1. Recommendations for the Safe Handling of Parenteral Antineoplastic Drugs. NIH Publication No. 83 − 2621. For sale by the Superintendent of Documents, U.S. Government Printing Office, Washington, D.C., 20402.
2. AMA Council Report. Guidelines for Handling Parenteral Antineoplastics. JAMA, March 15, 1985.
3. National Study Commission on Cytotoxic Exposure − Recommendations for Handling Cytotoxic Agents. Available from Louis P. Jeffrey, Sc.

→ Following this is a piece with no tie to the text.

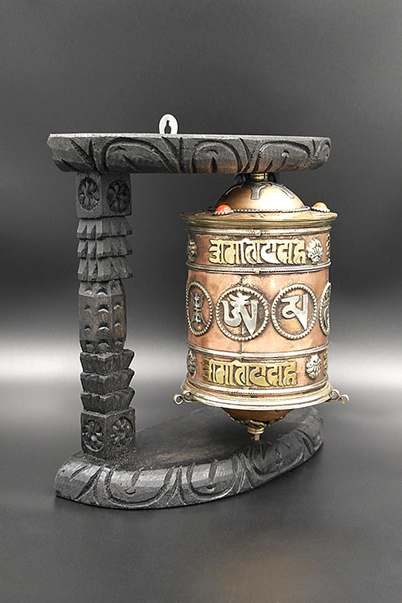 The prayer wheel is handcrafted by Nepalese Artisan in Patan. It comes with wooden frame and metal hook on top, so it can be placed on wall, however wooden frame can also be displayed on tabletops

D., Director of Pharmacy Services, Rhode Island Hospital, 593 Eddy Street, Providence, Rhode Island, 02902.
4. Clinical Oncological Society of Australia: Guidelines and recommendations for safe handling of antineoplastic agents. Med. J. Australia 1. 426-428, 1983.
5. Jones, R. B., et al., Safe handling of chemotherapeutic agents: A report from the Mount Sinai Medical Center. Ca-A Cancer Journal for Clinicians Sept./Oct., 258-263. 1983.
6. American Society of Hospital Pharmacists technical assistance bulletin on handling cytotoxic drugs in hospitals. Am. J. Hosp. Pharm. 42: 131-137, 1985.
7. OSHA Work-Practice Guidelines for Personnel Dealing with Cytotoxic (Antineoplastic) Drugs. Am J Hosp Pharm 1986; 43: 1193-1204.